(Saved entries)
= = = = = = =

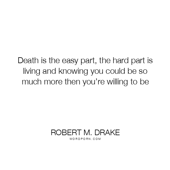 Death is the easy part, the hard part is living and knowing you could be so much more then you’re willing to be
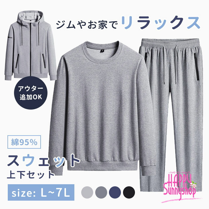 ゆったり快適で毎日着たくなる一着。おうち時間から外出まで使える万能スウェットセット。大きいサイズ対応でストレスフリーな着心地を実現。
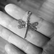 Stříbrný přívěšek znázorňující vážku.
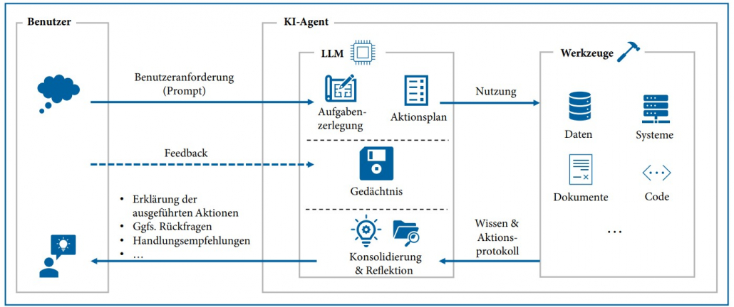 Agenten sind digitale Systeme, die mithilfe von großen Sprachmodellen, sogenannten Large Language Models (=LLMs) wie GPT von OpenAI, Claude Sonnet oder Gemini von Google, Aufgaben eigenständig bearbeiten können. Dabei planen und agieren sie iterativ, nutzen Werkzeugintegration und speichern Feedback in einem internen Gedächtnis (siehe Abbildung 1).
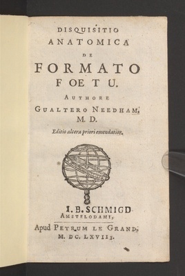 Disquisitio anatomica de formato foetu / authore Gualtero Needham
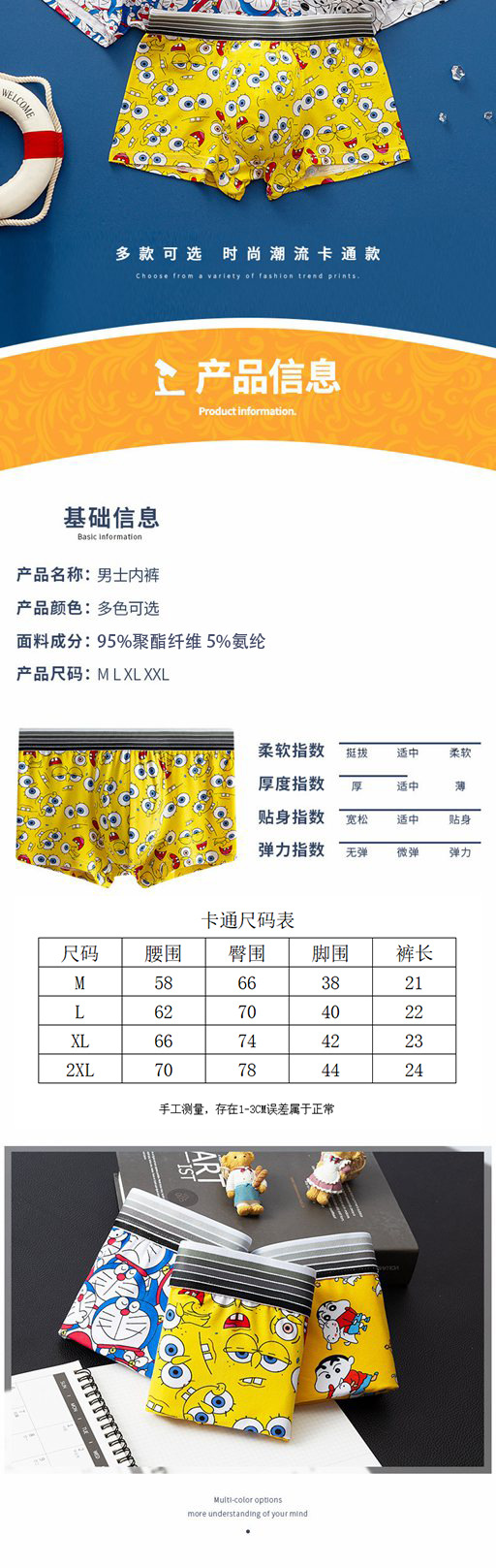 남성 속옷, 남성 청소년, 맞춤형 소년, 중간 허리, 귀여운 소년 학생 만화 복서 팬티, 복서 반바지스토어 가기
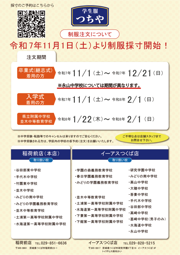 【予約受付中】中学校制服承り会 | 学生服のつちや

= = = = = = =

* **About this exercise**: Omit the pictures, then output every record exactly as given.

* **Reply to the exercise**:
 Death is the easy part, the hard part is living and knowing you could be so much more then you’re willing to be
 ゆったり快適で毎日着たくなる一着。おうち時間から外出まで使える万能スウェットセット。大きいサイズ対応でストレスフリーな着心地を実現。
 Stříbrný přívěšek znázorňující vážku.
 Agenten sind digitale Systeme, die mithilfe von großen Sprachmodellen, sogenannten Large Language Models (=LLMs) wie GPT von OpenAI, Claude Sonnet oder Gemini von Google, Aufgaben eigenständig bearbeiten können. Dabei planen und agieren sie iterativ, nutzen Werkzeugintegration und speichern Feedback in einem internen Gedächtnis (siehe Abbildung 1).
 Disquisitio anatomica de formato foetu / authore Gualtero Needham
 남성 속옷, 남성 청소년, 맞춤형 소년, 중간 허리, 귀여운 소년 학생 만화 복서 팬티, 복서 반바지스토어 가기
 【予約受付中】中学校制服承り会 | 学生服のつちや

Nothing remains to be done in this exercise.